[Source data Boundary: Start]

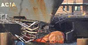 die „Akacia“ das Tor und kam mit seinem Rumpf zum Teil auf diesem zu liegen.
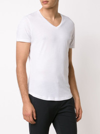 V-neck T-shirt White cotton V-neck T-shirt from Orlebar Brown. Imported Composition Cotton 100% SIZE & FIT Model measurements Height 6 ft 2 in(1.88 m) Bust/Chest 40.15 in(102 cm) Hips 38.97 in(99 cm) Waist 31.88 in(81 cm) Washing instructions Machine Wash
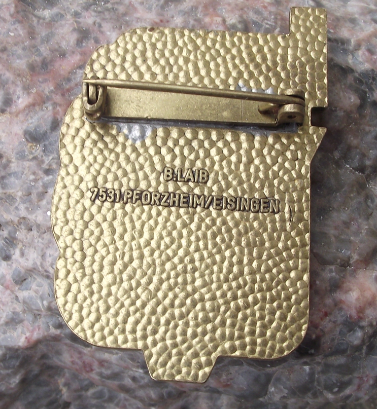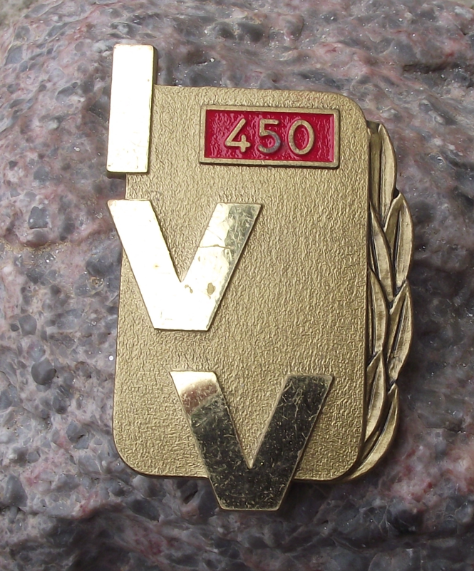 - A vintage gold coloured metal pin badge 5cm high with a safety clasp style fastener to the rear. Awarded for completing 450 kilometers.
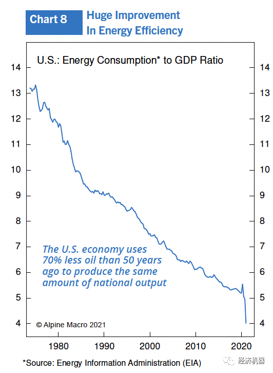 隨著美國(guó)經(jīng)濟(jì)石油需求密集度的急劇下降(圖8),不可能出現(xiàn)上世紀(jì)70年代那樣的重大石油沖擊。如果非要說(shuō)有什么影響的話,隨著經(jīng)濟(jì)的脫碳進(jìn)程和科技不斷降低綠色替能源的成本,油價(jià)可能會(huì)承受更大的通縮壓力。任何綠色能源的狂熱都意味著該行業(yè)獲得資本的途徑似乎是無(wú)限的,這業(yè)必將增加替代能源的供應(yīng)。
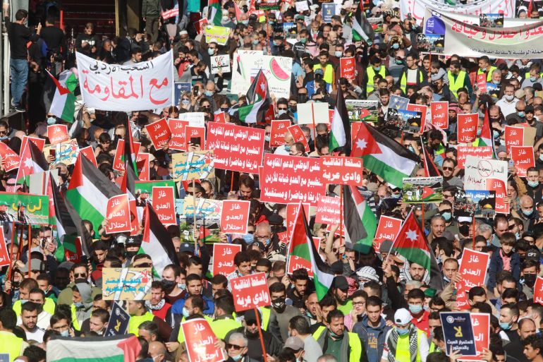 Jordanians at the protest on Friday rejected the agreement, saying it moved towards normalising ties with Israel while it continues to occupy the Palestinian territories. Opponents also warned that the deal would force Jordan to be dependent on its neighbour.

[Source data Boundary: End]

Problem description — Within the entries above, the lines from the one containing "V-neck T-shirt White" through the one containing "- A vintage" are to be transcribed exactly, ends included, pictures excluded.

Solution —
 V-neck T-shirt White cotton V-neck T-shirt from Orlebar Brown. Imported Composition Cotton 100% SIZE & FIT Model measurements Height 6 ft 2 in(1.88 m) Bust/Chest 40.15 in(102 cm) Hips 38.97 in(99 cm) Waist 31.88 in(81 cm) Washing instructions Machine Wash
 - A vintage gold coloured metal pin badge 5cm high with a safety clasp style fastener to the rear. Awarded for completing 450 kilometers.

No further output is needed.